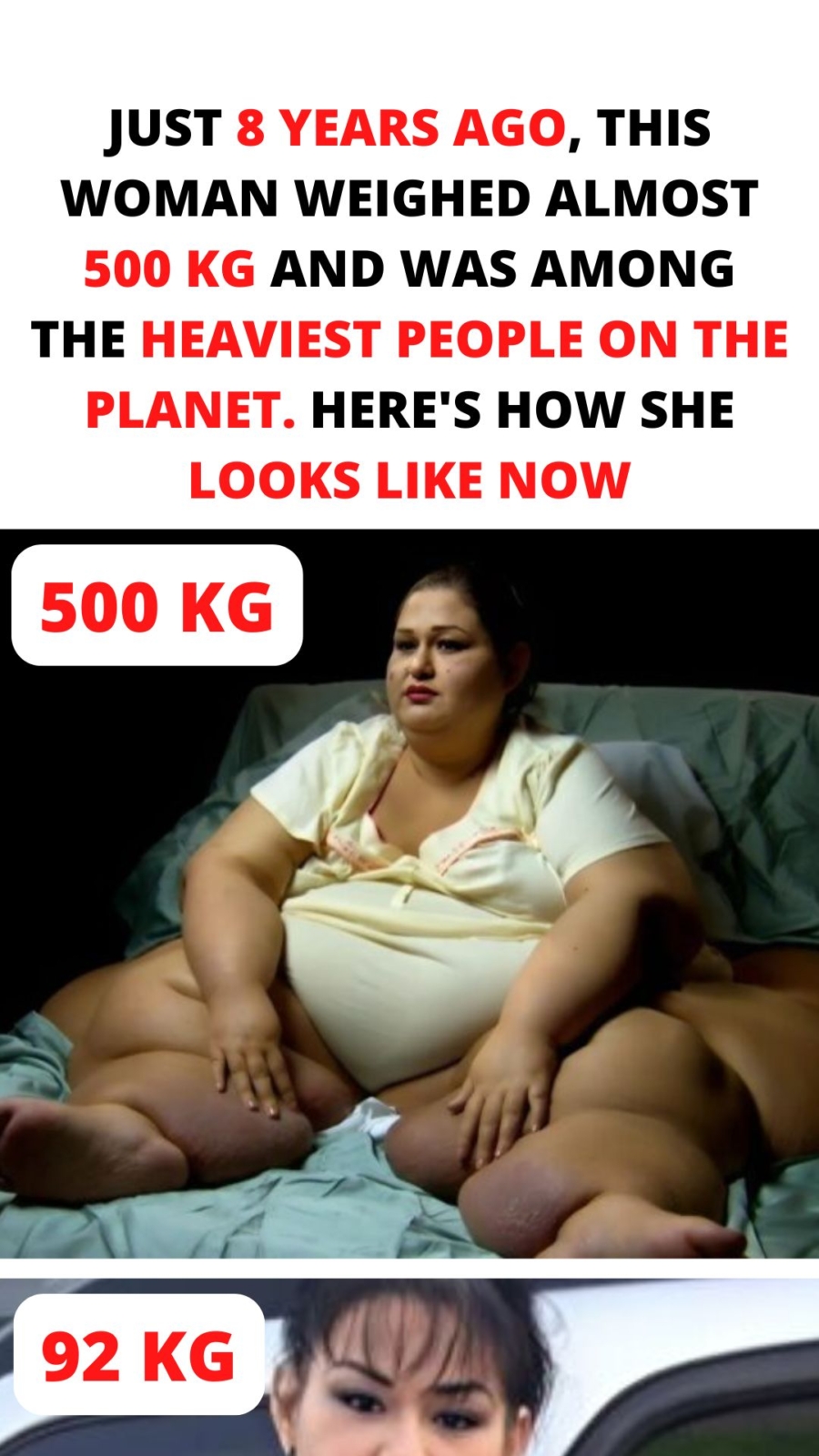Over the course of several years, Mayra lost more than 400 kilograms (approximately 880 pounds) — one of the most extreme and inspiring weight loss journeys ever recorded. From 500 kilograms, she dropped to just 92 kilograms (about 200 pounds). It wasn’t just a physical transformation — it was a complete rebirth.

★ ★ ★ ★ ★

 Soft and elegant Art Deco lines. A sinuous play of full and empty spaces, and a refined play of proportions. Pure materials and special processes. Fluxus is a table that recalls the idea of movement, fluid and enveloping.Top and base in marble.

★ ★ ★ ★ ★

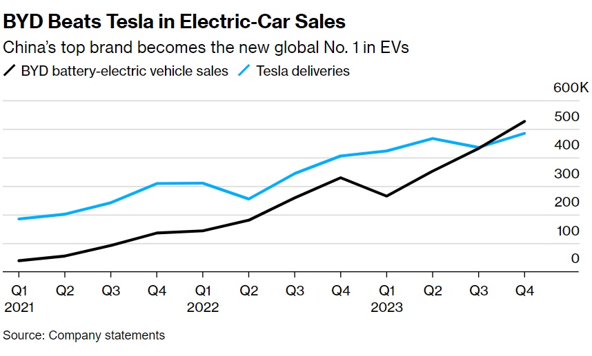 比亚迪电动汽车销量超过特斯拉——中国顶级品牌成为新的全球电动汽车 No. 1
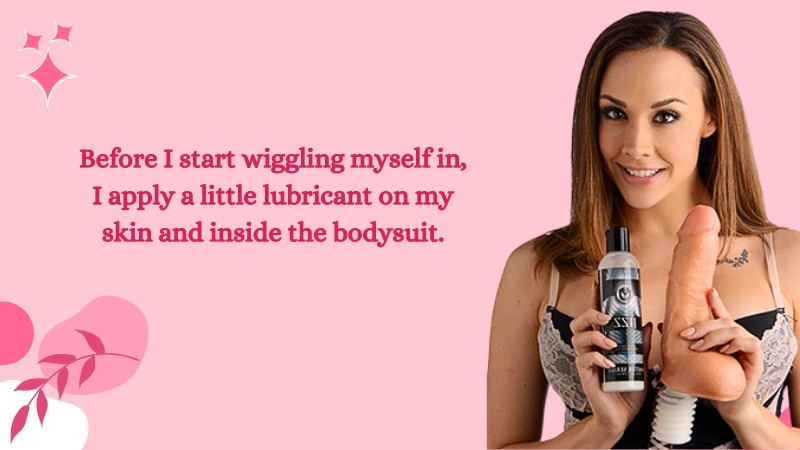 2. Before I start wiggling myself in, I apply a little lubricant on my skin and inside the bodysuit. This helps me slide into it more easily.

★ ★ ★ ★ ★

- Your goal -
Copy the lines above exactly, starting at the one with "比亚迪电动汽车销量超过特斯拉——中国顶级品牌成为新的全球电动汽车 No. 1" and ending at the one with "2. Before I", both included. Leave out any pictures and add nothing else.

- Result for this task -
 比亚迪电动汽车销量超过特斯拉——中国顶级品牌成为新的全球电动汽车 No. 1
 2. Before I start wiggling myself in, I apply a little lubricant on my skin and inside the bodysuit. This helps me slide into it more easily.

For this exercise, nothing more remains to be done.